The number of rows matching the given filters.

Return type:

int

create_table(table_name, source, product_name=None, part_columns=None, fill=False)

Create a new table in the DuckLake catalog.

Parameters:
  • table_name (str) – Name of the table to create. Must be lowercase, start with a letter or underscore, and contain only lowercase letters, numbers, and underscores. Maximum 20 characters.

  • source (DataFrame | dict[str, Any] | str) – Source for the table schema. Can be: - pd.DataFrame: Creates table structure from the DataFrame schema. - dict: JSON Schema specification defining the table structure. - str: GCS path (gs://) to a Parquet file to infer schema from.

  • product_name (str | None) – Label identifying the product this table belongs to. Stored as a comment on the table. Must not be None or empty.

  • part_columns (list[str] | None) – Optional list of column names to partition the table by.

  • fill (bool) – If True, inserts data from source into the table immediately after creation. Defaults to False.

Raises:

ValueError – If product_name is None or empty.

Return type:

None

drop_table(table_name, cleanup=True)

Drop a table from the DuckLake catalog with optional cleanup.

Table deletion is only allowed in the TEST environment to prevent accidental data loss in production. In PROD or other environments, this method will raise a PermissionError.

Optionally performs comprehensive cleanup: - Expires snapshots (removes old transaction logs from metadata) - Cleans GCS bucket (removes orphaned Parquet files)

Parameters:
  • table_name (str) – Name of the table to drop.

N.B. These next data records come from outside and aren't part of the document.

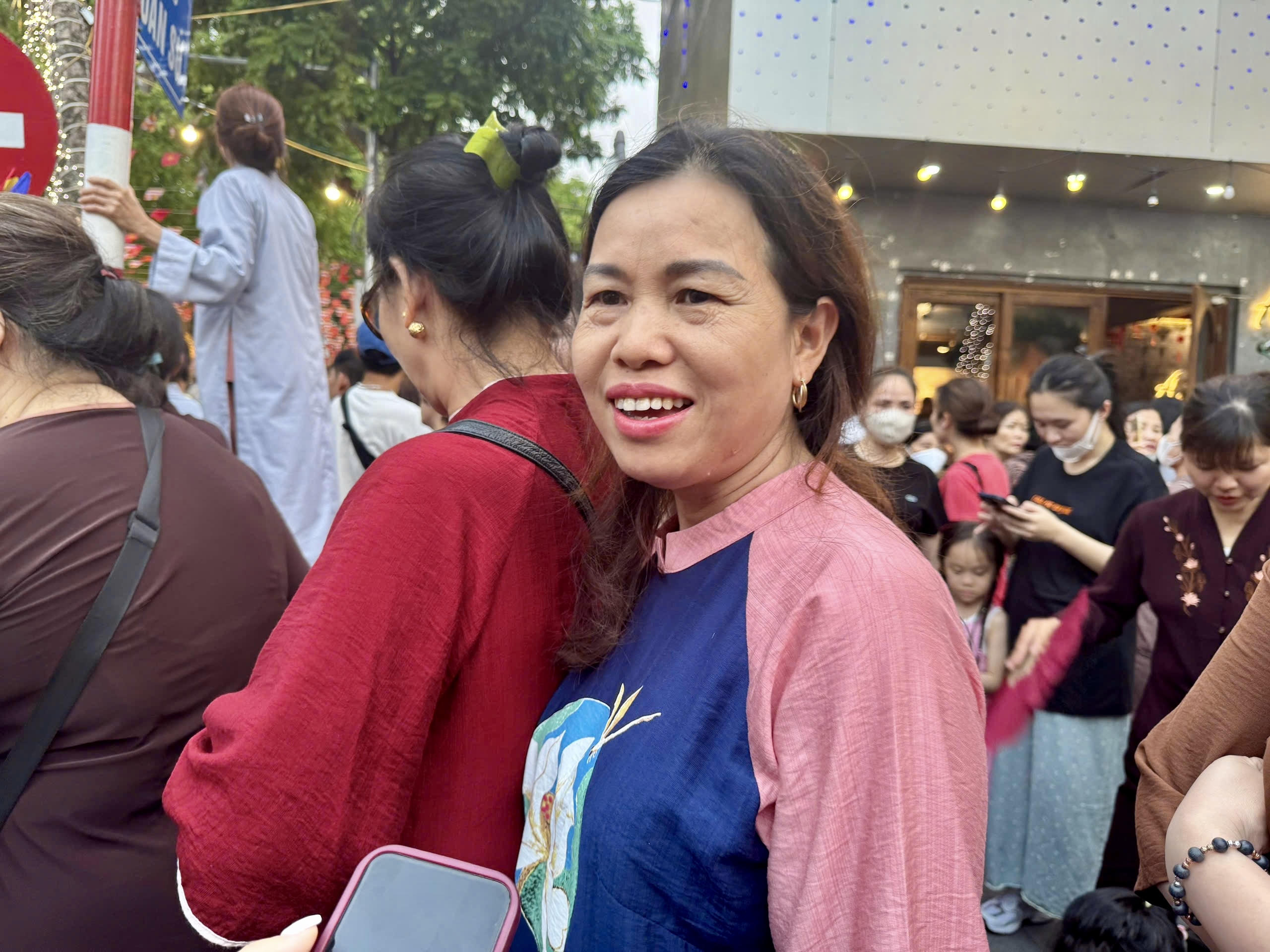 Chị Dương không khỏi xúc động khi được tận mắt chứng kiến lễ cung rước xá lợi Đức Phật. |
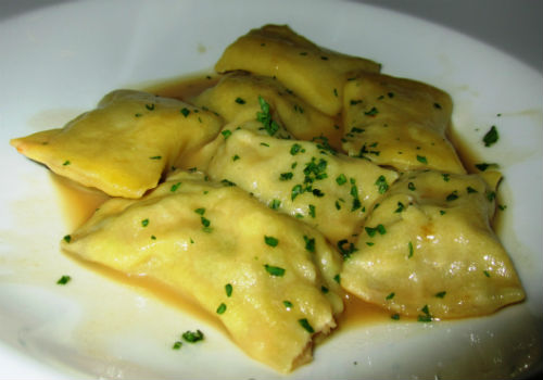 Crab and Shrimp Agnolotti with Brown Butter, Pecans & Sage
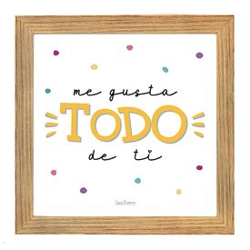 Cuadro con dedicatoria "Me gusta todo de ti" hecho en madera por Casa Pizarro 17 x 17 cm
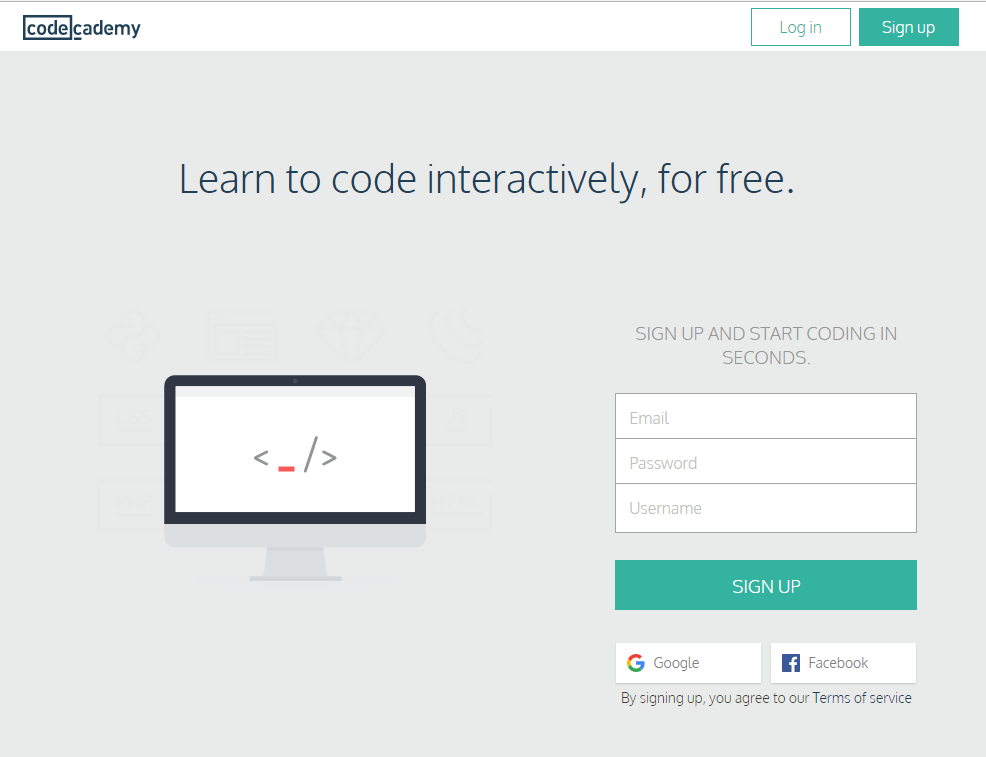 Dall’altra parte, può anche darsi che per te – ipotetico servizio B2B dedicato ai professionisti della contabilità – una landing page pulita e sui toni del bianco funzioni meglio. O che, in caso di vendita di software, una hero image di un computer con screenshot del servizio sia la scelta migliore, come fa Codeacademy. Si tratta solo di provare!
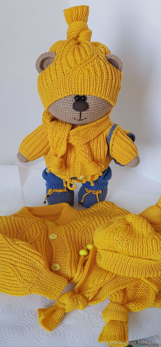 Милый добрый мишка. Хороший друг для Вашего малыша. Выполнен из натуральных материалов. Рост 30-32 см, самостоятельно стоит и сидит. Одежда вся снимается. В комплекте с мишкой одежда для малыша:кофточка и шапочка. А также можно создать комплект по Вашему желанию (свитер, кофточка, плед и т.д.)
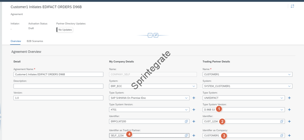 In this section, we will create a Agreement Template in our Trading Partner Management. The Agreement Template here is where CUSTOMER1 is the Initiator and ERPCLNT200 is the Reactor
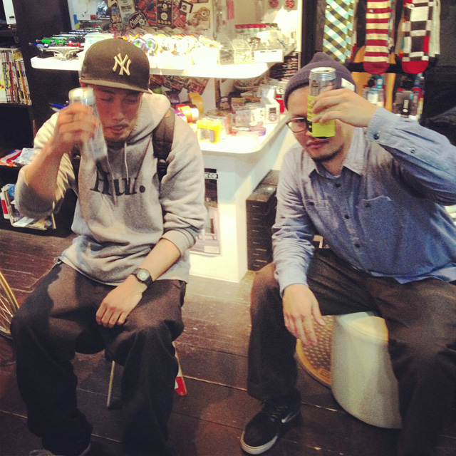 会場入りする前には吉祥寺ストアにダブル石井が揃いました。セットで見るのは久々です。石井ちゃんも石井ちゃんも身体が大きく気は優しくて力持ち。葛西の石井ちゃんはまたカナダへ戻る準備をしております。津田沼の石井ちゃんは素敵な写真を撮ってます。instantハウツースケートボウ道で50-50をご紹介してもらってます。二人はやっぱりスケートボードが取り持つご縁であります。そうそう、浦安ストアの看板になっているコンプリートデッキの大往生トラックは葛西の石井ちゃんの作品です。ぜひショップにお越しの際にはギリギリまで削られたハンガーのVENTUREをチェックしてみてくださいね。ハンガーはもちろんピポットブッシュも削れてますから。あそこまで使ってもらえればパーツとしてもうれしいでしょう。
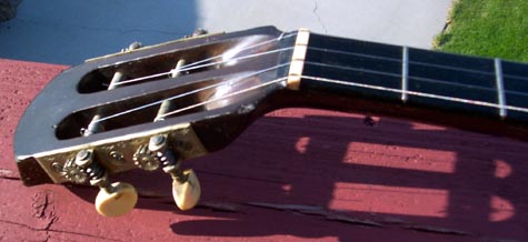 The peghead on this banjo is still rather steeply raked, but less so than the peghead on my other Silver Bell. Also, the peghead in general and the slots in particular are not quite as long and narrow as on the other banjo.
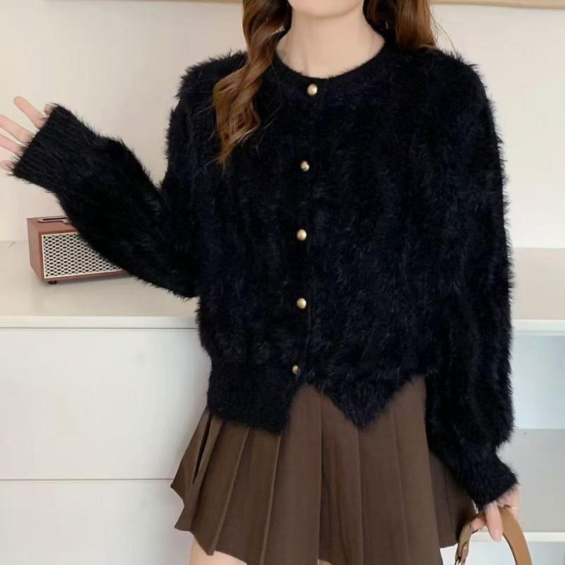 Automne Hiver Doux Cireux Vison Pull Manteau Femmes Ample et Doux Cardigan Tricoté Haut
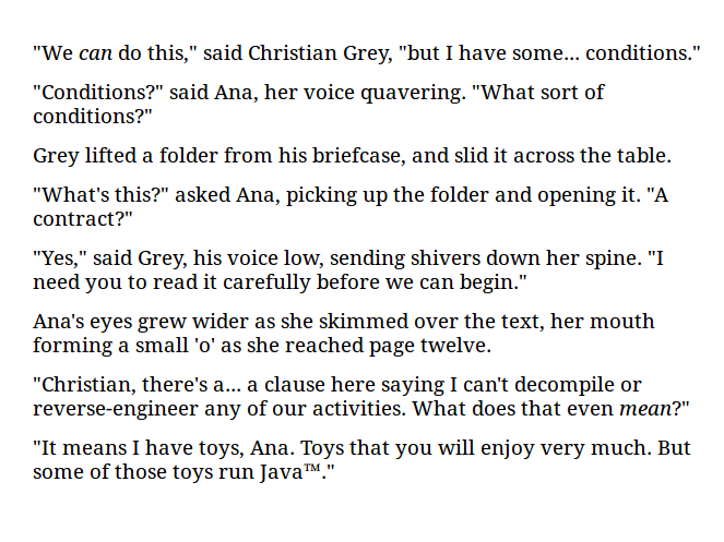 RT @travisgoodspeed: The next version of Oracle’s EULA will surely have a clause outlawing #oraclefanfic. Write some while it’s legal!
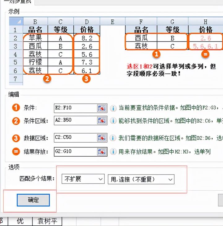 在【匹配多个结果】选项中选择【不扩展】,【用,连接(不重复)】。最后点击确定
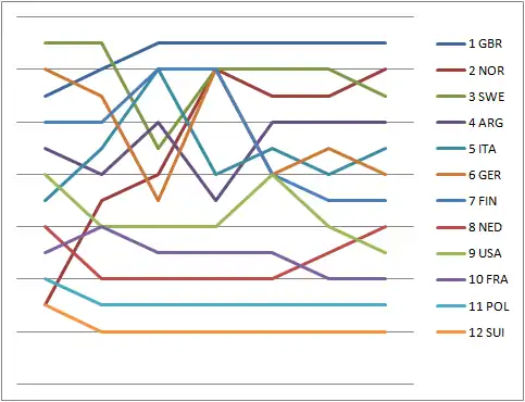 | Rang | Land | Crew | Yachtname | Rennen I | Rennen II | Rennen III | Rennen IV | Rennen V | Rennen VI | Rennen VII | Gesamt | |||||||
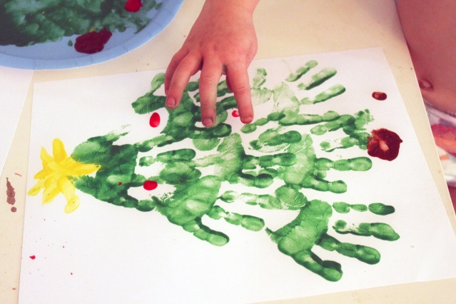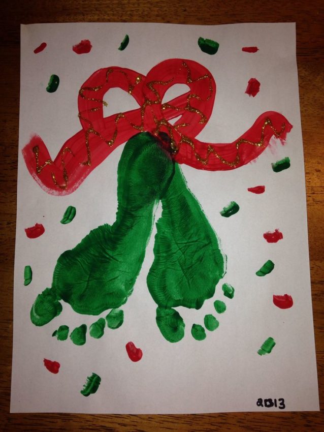 Claro que não poderia faltar uma sugestão com tinta (que eu adoro, adoro, adoro!). Que tal fazer sinos com a impressão dos pés? Ou árvores de Natal com as mãos? Esses e outros modelos você pode ver no Pinterest.
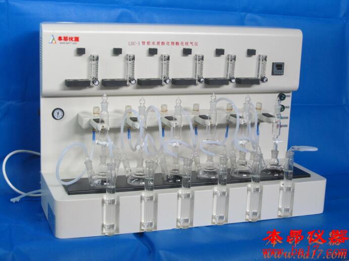 LSC-1智能水質(zhì)硫化物酸化吹氣儀是上海本昂科學(xué)儀器有限公司根據(jù)中華人民共和國標(biāo)準(zhǔn)GB/T16489-1996《水質(zhì)硫化物的測定--亞甲基藍(lán)分光光度法》和《HJ/T 60-2000 水質(zhì)硫化物的測定 碘量法》量身定做的一款專門用于檢測水中硫化物的前處理儀器。該儀器采用垂直加酸、氮?dú)獯得摗⑺峄盏纫惑w化設(shè)計(jì),一次可處理1-6組樣品。每個(gè)單元采用獨(dú)立的轉(zhuǎn)子流量計(jì)控制氮?dú)饬魉?;PID加熱控溫程序,自動(dòng)升溫至設(shè)定溫度,缺水自動(dòng)報(bào)警,自動(dòng)補(bǔ)水;外置式平板電腦遙控操作等程序?qū)崿F(xiàn)了對(duì)水質(zhì)硫化物測定的智能預(yù)處理。完全滿足樣品前處理的需要。適用于環(huán)保、科研、水文等單位的土壤、海水、湖泊、地面水、地下水、生活污水和工業(yè)廢水中硫化物的測定。LSC-1智能水質(zhì)硫化物酸化吹氣儀具有便捷控制、操作簡便、快捷、嚴(yán)格按照國標(biāo)執(zhí)行等特點(diǎn)。
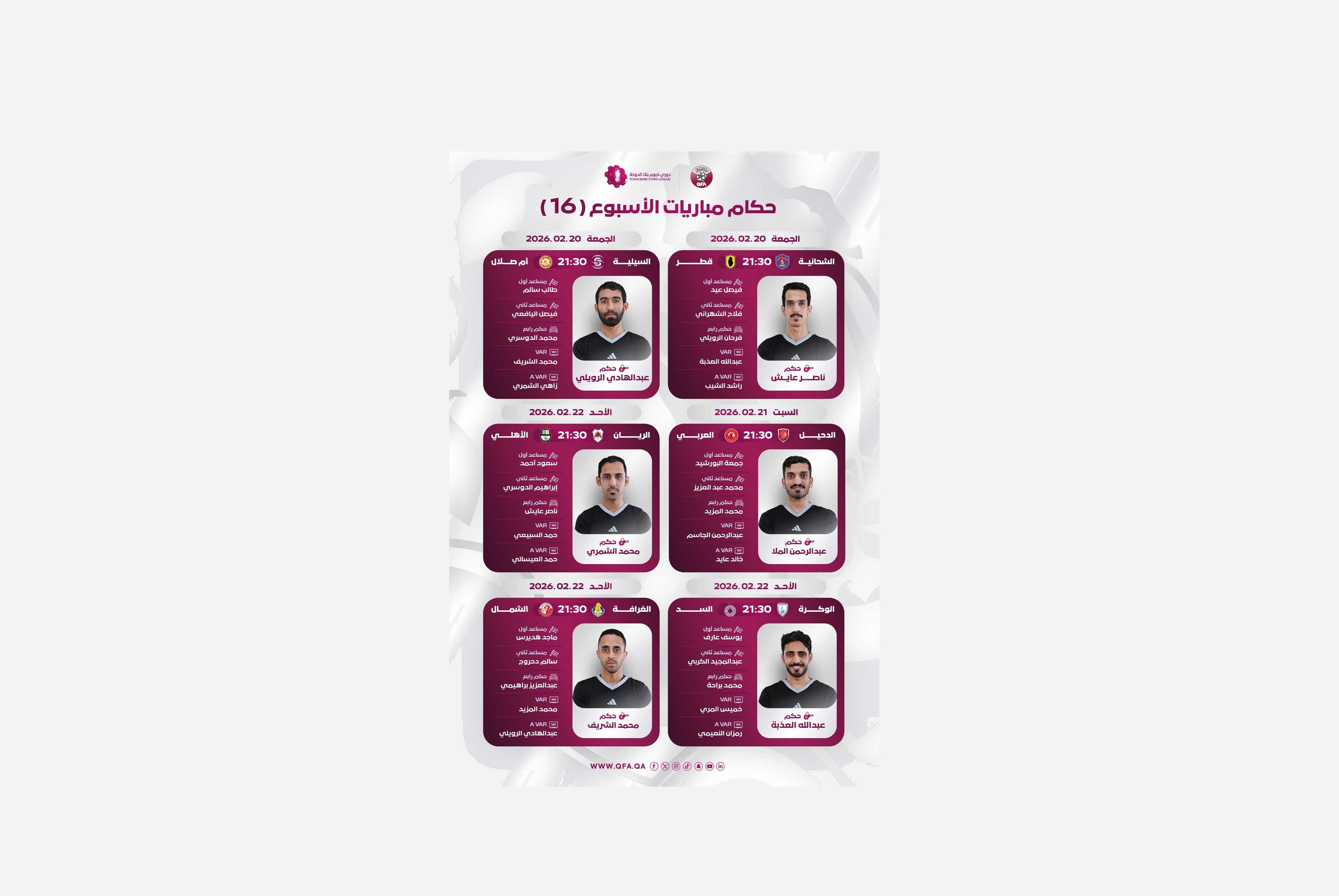 إعلان حكام الجولة الـ16 لدوري قطر
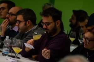 Si può facilmente immaginare quante possano essere le sfumature aromatiche che le combinazioni tra queste molecole possano produrre. Il percorso della genesi degli aromi si evidenzia, nel nostro esperimento, dal secondo campione in poi. L’uva Cortese sfecciata e non ancora fermentata rilascia il solo profumo della frutta fresca. Il terzo campione è una Barbera a metà fermentazione. Nel bicchiere si individuano aromi sgradevoli come la cimice schiacciata e il tipico odore “vinoso” che scomparirà nelle fasi successive della fermentazione. Ne sono responsabili gli alcoli superiori. Procedendo e passando al quarto campione, uva Cortese a metà fermentazione, cominciamo a​riconoscere un prodotto molto profumato dominato dall’aroma di banana: ne è responsabile il composto di acetato di isoamile. Verso la fine della fermentazione, con l’uva Cortese arrivata all’80% della trasformazione, si sviluppa già una maggiore complessità aromatica con note di banana, di frutta tropicale e di linalolo. Nell’ultima fase, a fermentazione completata, il bouquet odoroso è finalmente caratterizzato dalle note fruttate e da quelle erbacee combinate in maniera armonica che possiamo riconoscere come tipicità del vitigno.
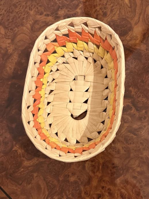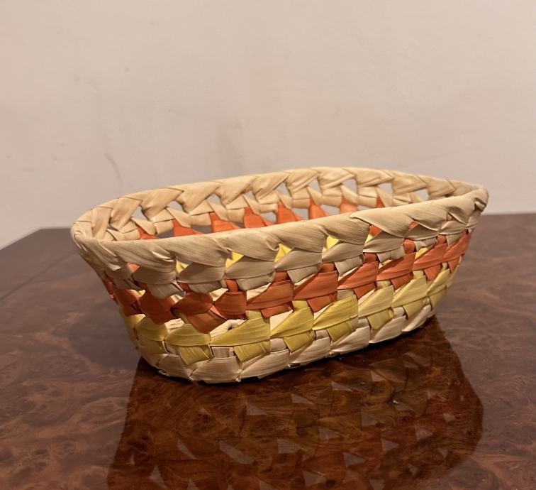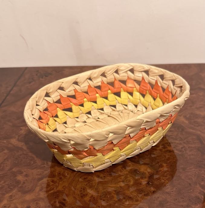 Pletena košarica dimenzija 21x13,5 cm, visine 7 cm.
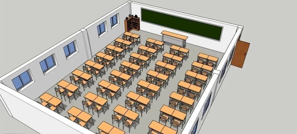目前仍較多學校上課的教室布局方式,是填鴨式教學的排列擺(bǎi)放桌椅,但這已不适應現代教學中經常需要讨論的現實情況,需要對(duì)其進行改進。
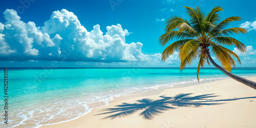 Obraz premium Tropical beach paradise with palm tree, blue sky, white sand, and turquoise...
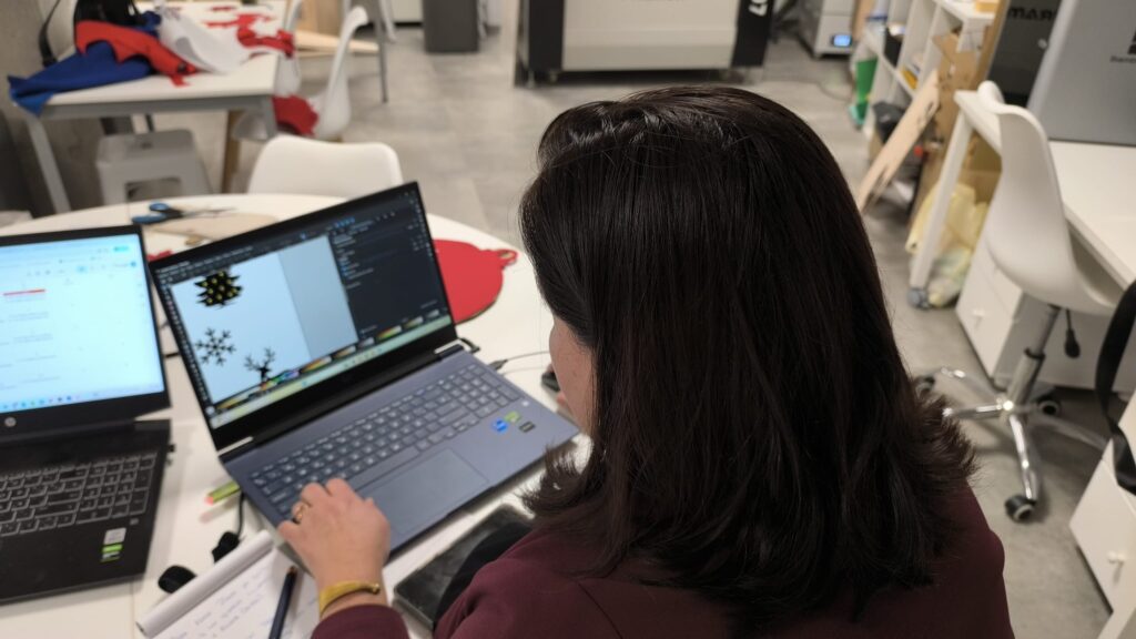 Durante los días previos a la campaña navideña, el Circular FAB acogió un taller de diseño 2D y corte láser dirigido a comerciantes locales y centrado en la creación de elementos decorativos para escaparates con temática navideña. A lo largo de las sesiones, las personas participantes aprendieron a aplicar principios básicos del escaparatismo como la composición, la iluminación o el impacto visual, apoyándose en herramientas digitales y maquinaria de fabricación digital.

  • cleanup (bool) – If True, expire snapshots and clean GCS files. Defaults to True.

Return type:

None

Example

>>>
>>> con = ParquEdit()
>>> con.drop_table("temporary_table")  # Drop with cleanup
>>> con.drop_table("temp_table", cleanup=False)  # Drop only
exists(table_name)

Check if a table exists in the database.

Parameters:

table_name (str) – The name of the table to check for existence.

Returns:

True if the table exists, False otherwise.

Return type:

bool

insert_data(table_name, source)

Insert data into a table.

Parameters:
  • table_name (str) – The name of the table to insert data into.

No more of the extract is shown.